■ The task
Type out the lines below exactly, from the first through the line holding "e oportunidad pa", and include no pictures.

■ Collected material

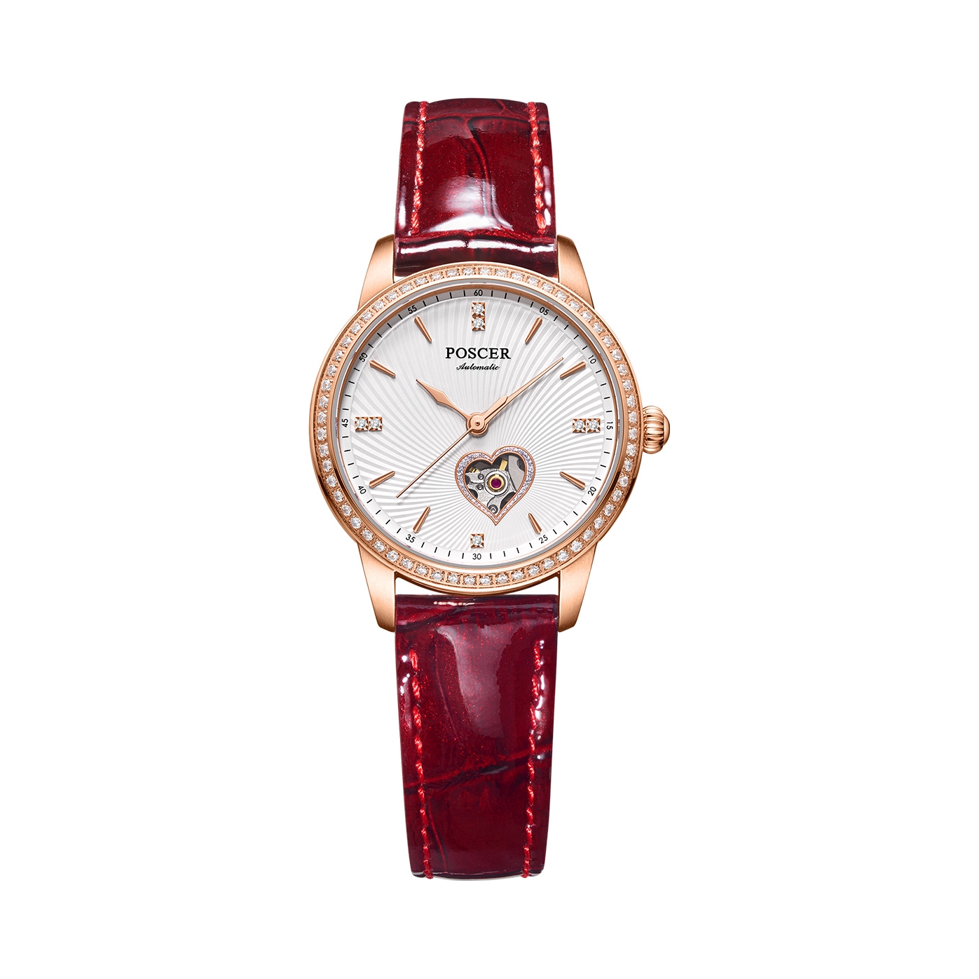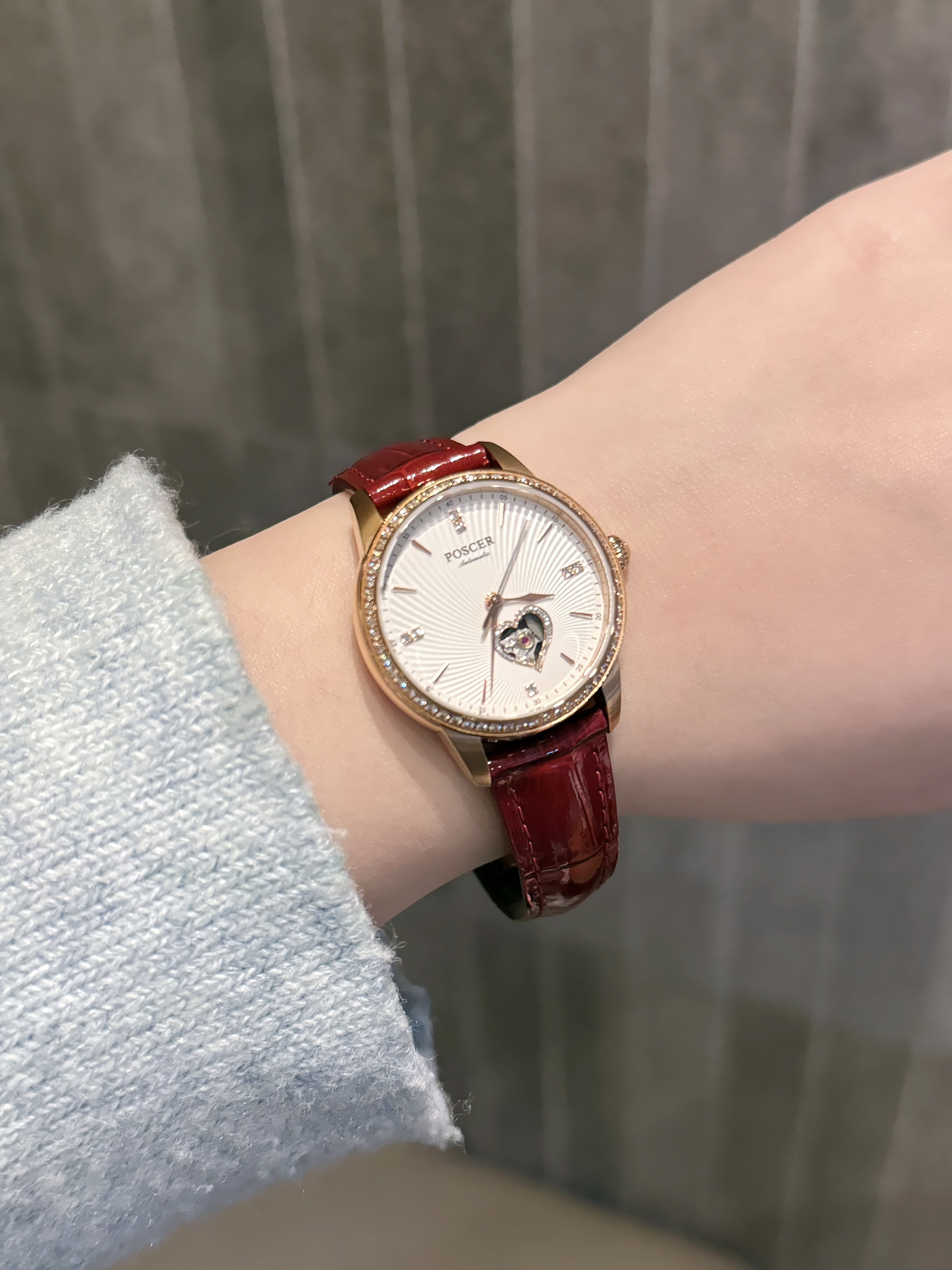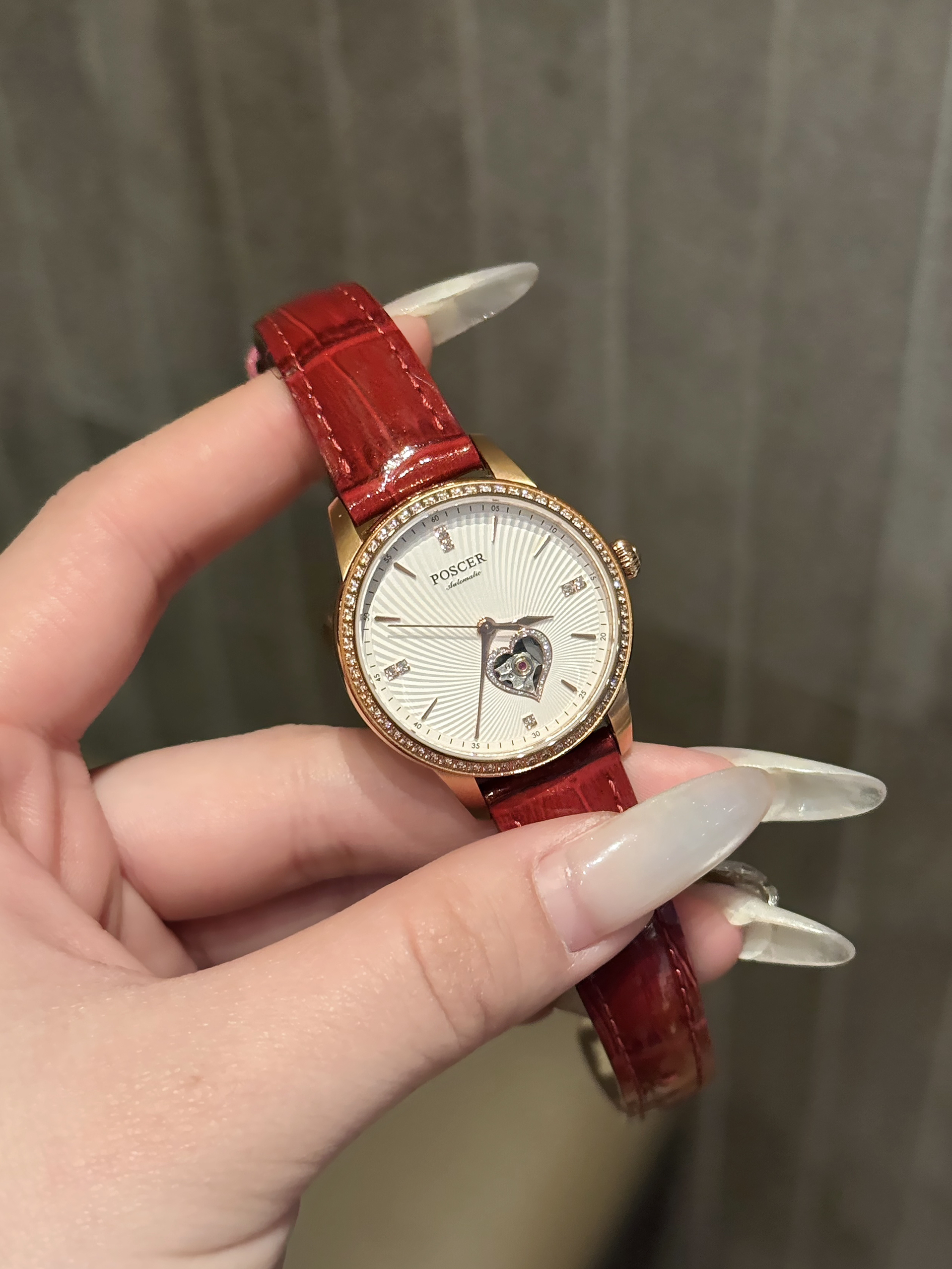本篇笔记关联了Poscer/宝时捷 防水镶钻轻奢爱心镂空机械女士手表 玫盘白面皮带 51022L等商品,为用户提供真实的使用体验和购买参考。
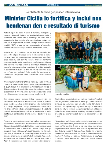 e oportunidad pa demostra kico mas Aruba tin di ofrece. di turismo”, asina Minister mr. Wendrick Cicilia a termina
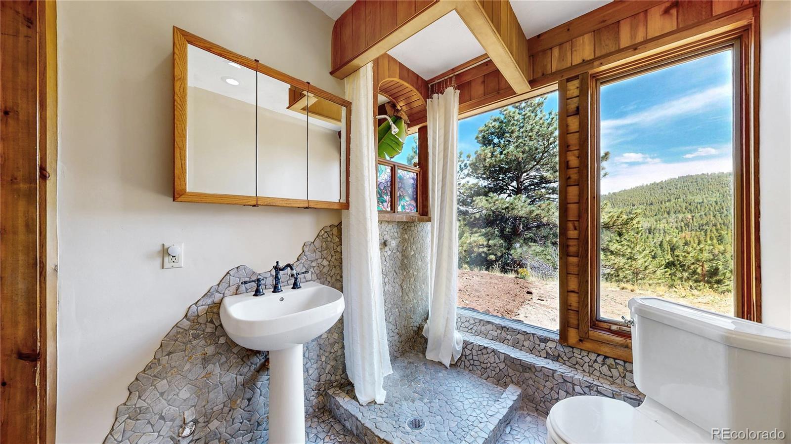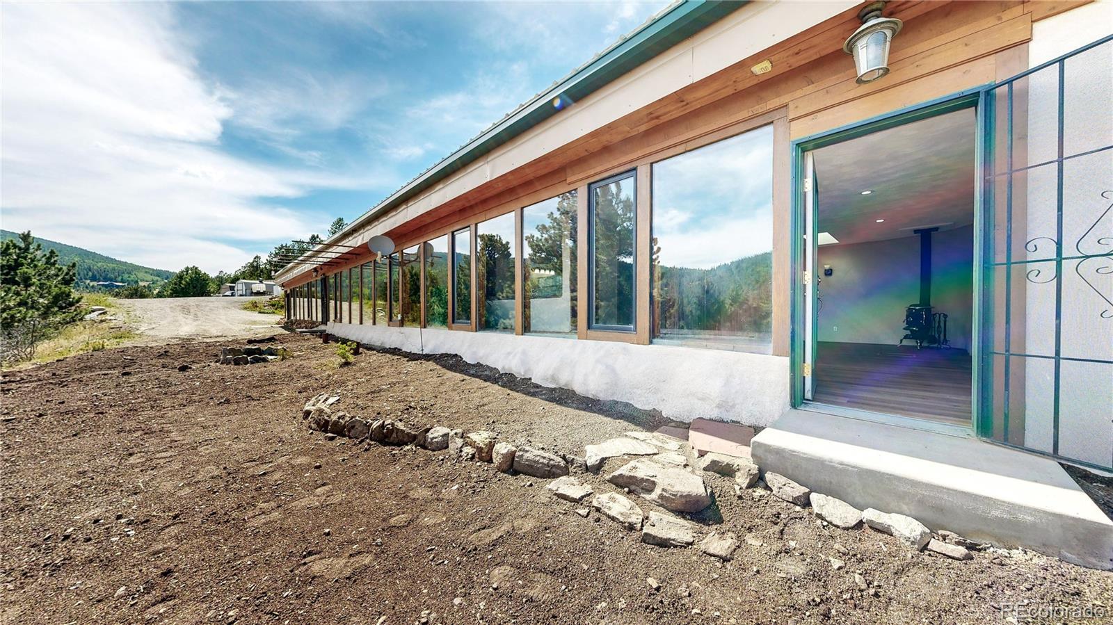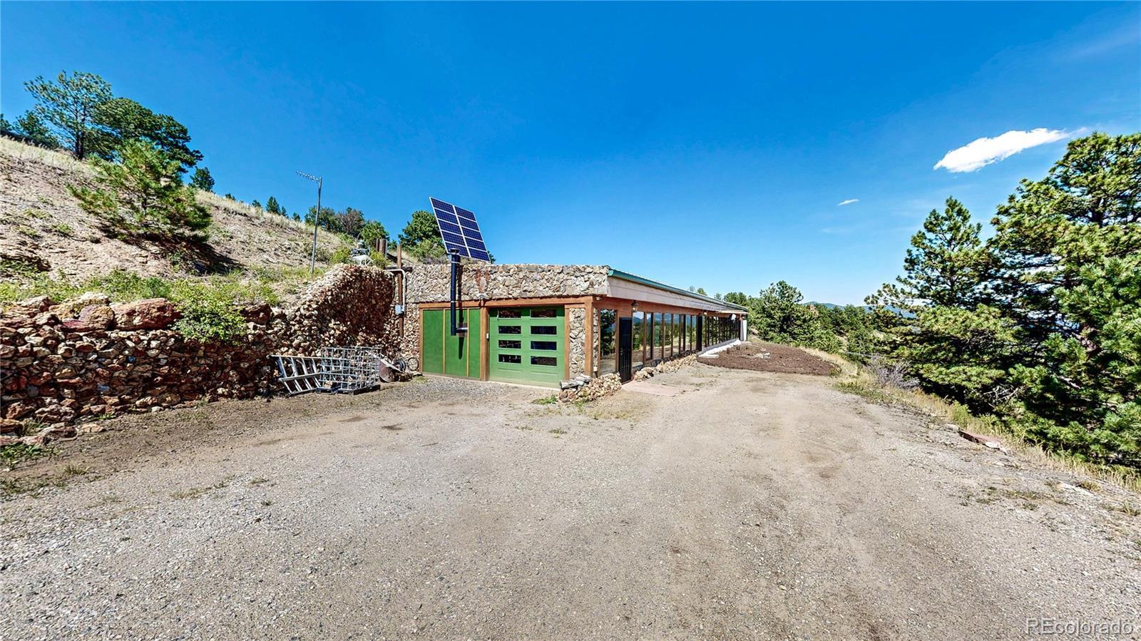 Serene and secluded, this unique custom Earth Ship home built in 2004 and updated in 2025. This property is nestled into approximately 30.5 acres and offers a rare blend of mountain retreat and comfortable modern living with two bedrooms and two full baths set within a one-level design elegantly embedded into its hillside site. As you enter, new flooring flows through an open living and dining space warmed by gas and geothermal heat, while walls of concrete construction and high ceilings create an airy, light-filled ambiance. The step-up kitchen includes tile countertops, stainless steel appliances, a gas cooktop, double ovens, and generous cabinetry, perfect for both everyday cooking and hosting friends. The primary suite includes generous closet space and a well-appointed bath with tile finishes, while an additional bedroom and half bathroom serve guests with thoughtful comfort. Property includes several historic mining sites and relics. Surrounded by mature pines, expansive views of the Rocky Mountains, and open space, the location is a nature lover’s dream yet remains just minutes from the historic town of Central City and Black Hawk with their gaming, dining, and cultural venues. Outdoor enthusiasts will enjoy easy access to hiking and mountain biking in nearby Black Hawk open space, winter recreation at nearby ski areas, and scenic drives along Central City Parkway into Idaho Springs. Located within the Gilpin County school district, this home offers tranquility, mountain lifestyle, and dependable craftsmanship a rare offering among mountain estate properties.

■ Task result
本篇笔记关联了Poscer/宝时捷 防水镶钻轻奢爱心镂空机械女士手表 玫盘白面皮带 51022L等商品,为用户提供真实的使用体验和购买参考。
 e oportunidad pa demostra kico mas Aruba tin di ofrece. di turismo”, asina Minister mr. Wendrick Cicilia a termina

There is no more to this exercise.